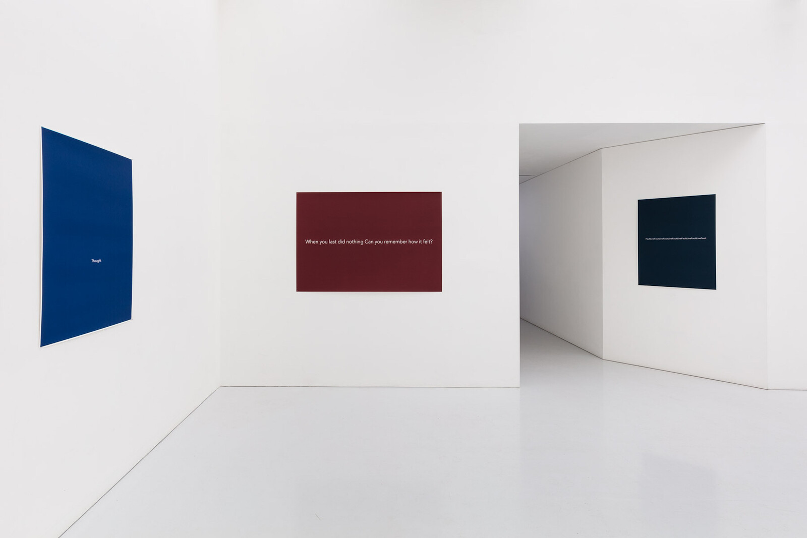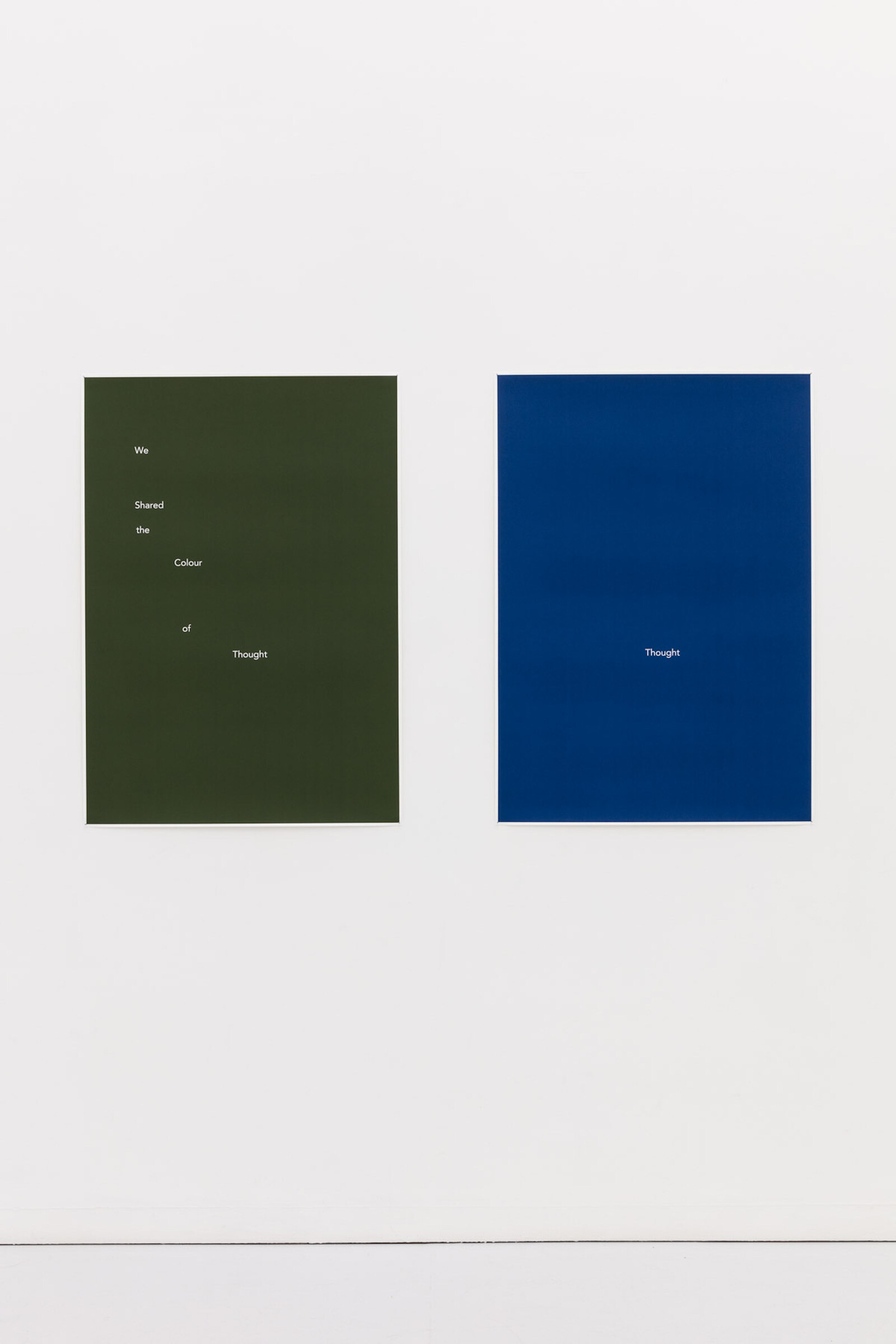 Beyond the compact screening room at the exhibition’s entrance, two printed billboards (originally installed at a short-lived March exhibition at Wysing) line the walls of the light-filled main gallery, interspersed with a selection of new screenprints. Both series feature irregularly spaced white text against a monochrome background (crying/ is/ never/ enough; We/ Shared/ the/ Colour/ of/ Thought), and endeavor to rewrite the narrative of laziness, and to question its motives. Who is entitled to idleness? Who is expected to maintain productivity? For whom, in this moment, is idleness an applauded civic duty, and for whom is it a shirking of responsibility? Across the exhibition, the questions posed by Cammock’s billboards are drawn into the present tense; in these times, Can you remember when you last did nothing? is more likely than usual to be met with an affirmative nod.
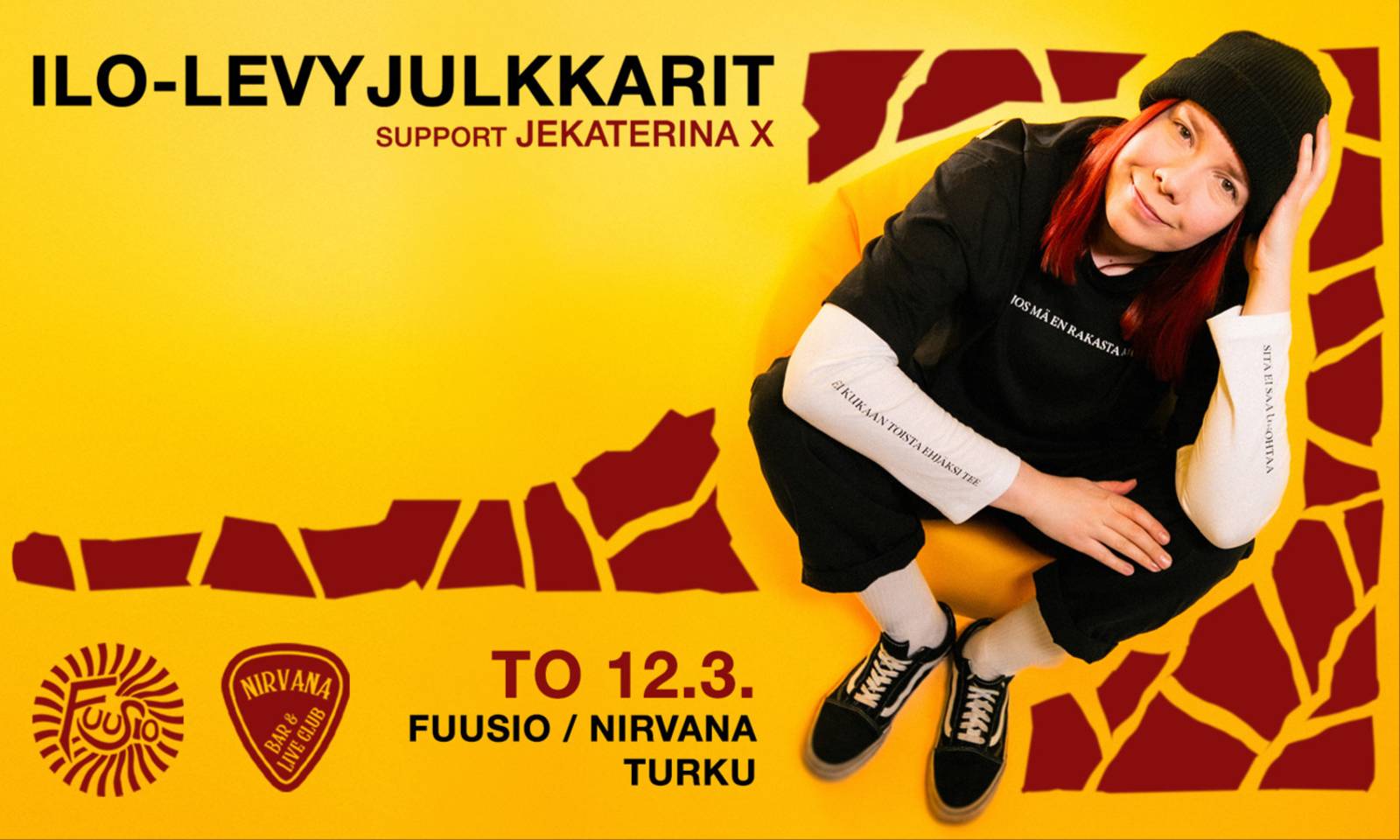 12. maaliskuuta Nirvanassa juhlitaan ILO:n debyytti-EP:tä! Julkaisukeikalla menossa mukana myös Jekaterina X! SOITTOAIKATAULU 19:00 Ovet auki 19:30 Jekaterina X 20:45 ILO Liput ennakkoon 8€, ovelta 12€. Narikka 3,50€, Fuusion jäsenkortilla narikka on ilmainen Liity jäseneksi täältä: https://fuusioturku.fi/osallistu/ ILO ILO on normeja rikkova, persoonallinen artistilauluntekijä, joka surffaa suomenkielisen poprockin uudella aallolla. Hänen musiikissaan popin koukuttavat melodiat ja herkkä tarinankerronta kohtaavat säröisten kitaroiden ja rosoisen laulun voiman. ILO on suomirockin oma Care Bear – lempeä ja helposti lähestyttävä, pehmeä kapinallinen, joka ei pelkää olla avoimesti haavoittuvainen ja taistella niiden asioiden puolesta, joihin uskoo. ILO Instagramissa: https://www.instagram.com/ilomusiikki/ ILO Spotifyssa: https://open.spotify.com/artist/29PSvcmaFVFfpfv12p1nud?si=l2FECh… JEKATERINA X Jekaterina X on suomalainen nouseva pop-artisti, joka yhdistää elektronisen popin, tarttuvat kertosäkeet ja vahvan asenteen. Keväällä julkaistava debyytti-EP Sekasin mut elossa syventää artistin tunnistettavaa dark pop -soundia ja nostaa energian uudelle tasolle. Livenä Jekaterina X on karismaattinen, intensiivinen ja vauhdikas – keikka, joka tempaisee yleisön mukaan ja pitää otteessaan alusta loppuun asti. Nirvanassa luvassa on tunnelmallinen ja energinen live-keikka, jossa kuullaan myös vielä julkaisemattomia kappaleita! Jekaterina X Instagramissa: https://www.instagram.com/xjekaterinax/ Jekaterina X Spotifyssa: https://open.spotify.com/artist/64MEFH8P0bmVtOpQuPue0p?si=NT2IPX…
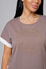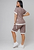 Костюм женский с бермудами идеальное решение для летнего гардероба. Костюм сшит из трикотажного полотна кулирки с лайкрой, которая придает ему дополнительную мягкость и удобство в носке. Комплект подходит как для повседневной носки, так и для отдыха на даче. Футболка имеет округлый вырез, короткие цельнокроеные рукава, на груди футболки принт в виде мерцающих страз. Бриджи выполнены из ткани компаньона, по линии талии мягкая эластичная резинка.

=== Task requirements ===
Please give the data above again in exact form and omit every picture.

=== Your solution ===
 Beyond the compact screening room at the exhibition’s entrance, two printed billboards (originally installed at a short-lived March exhibition at Wysing) line the walls of the light-filled main gallery, interspersed with a selection of new screenprints. Both series feature irregularly spaced white text against a monochrome background (crying/ is/ never/ enough; We/ Shared/ the/ Colour/ of/ Thought), and endeavor to rewrite the narrative of laziness, and to question its motives. Who is entitled to idleness? Who is expected to maintain productivity? For whom, in this moment, is idleness an applauded civic duty, and for whom is it a shirking of responsibility? Across the exhibition, the questions posed by Cammock’s billboards are drawn into the present tense; in these times, Can you remember when you last did nothing? is more likely than usual to be met with an affirmative nod.
 12. maaliskuuta Nirvanassa juhlitaan ILO:n debyytti-EP:tä! Julkaisukeikalla menossa mukana myös Jekaterina X! SOITTOAIKATAULU 19:00 Ovet auki 19:30 Jekaterina X 20:45 ILO Liput ennakkoon 8€, ovelta 12€. Narikka 3,50€, Fuusion jäsenkortilla narikka on ilmainen Liity jäseneksi täältä: https://fuusioturku.fi/osallistu/ ILO ILO on normeja rikkova, persoonallinen artistilauluntekijä, joka surffaa suomenkielisen poprockin uudella aallolla. Hänen musiikissaan popin koukuttavat melodiat ja herkkä tarinankerronta kohtaavat säröisten kitaroiden ja rosoisen laulun voiman. ILO on suomirockin oma Care Bear – lempeä ja helposti lähestyttävä, pehmeä kapinallinen, joka ei pelkää olla avoimesti haavoittuvainen ja taistella niiden asioiden puolesta, joihin uskoo. ILO Instagramissa: https://www.instagram.com/ilomusiikki/ ILO Spotifyssa: https://open.spotify.com/artist/29PSvcmaFVFfpfv12p1nud?si=l2FECh… JEKATERINA X Jekaterina X on suomalainen nouseva pop-artisti, joka yhdistää elektronisen popin, tarttuvat kertosäkeet ja vahvan asenteen. Keväällä julkaistava debyytti-EP Sekasin mut elossa syventää artistin tunnistettavaa dark pop -soundia ja nostaa energian uudelle tasolle. Livenä Jekaterina X on karismaattinen, intensiivinen ja vauhdikas – keikka, joka tempaisee yleisön mukaan ja pitää otteessaan alusta loppuun asti. Nirvanassa luvassa on tunnelmallinen ja energinen live-keikka, jossa kuullaan myös vielä julkaisemattomia kappaleita! Jekaterina X Instagramissa: https://www.instagram.com/xjekaterinax/ Jekaterina X Spotifyssa: https://open.spotify.com/artist/64MEFH8P0bmVtOpQuPue0p?si=NT2IPX…
 Костюм женский с бермудами идеальное решение для летнего гардероба. Костюм сшит из трикотажного полотна кулирки с лайкрой, которая придает ему дополнительную мягкость и удобство в носке. Комплект подходит как для повседневной носки, так и для отдыха на даче. Футболка имеет округлый вырез, короткие цельнокроеные рукава, на груди футболки принт в виде мерцающих страз. Бриджи выполнены из ткани компаньона, по линии талии мягкая эластичная резинка.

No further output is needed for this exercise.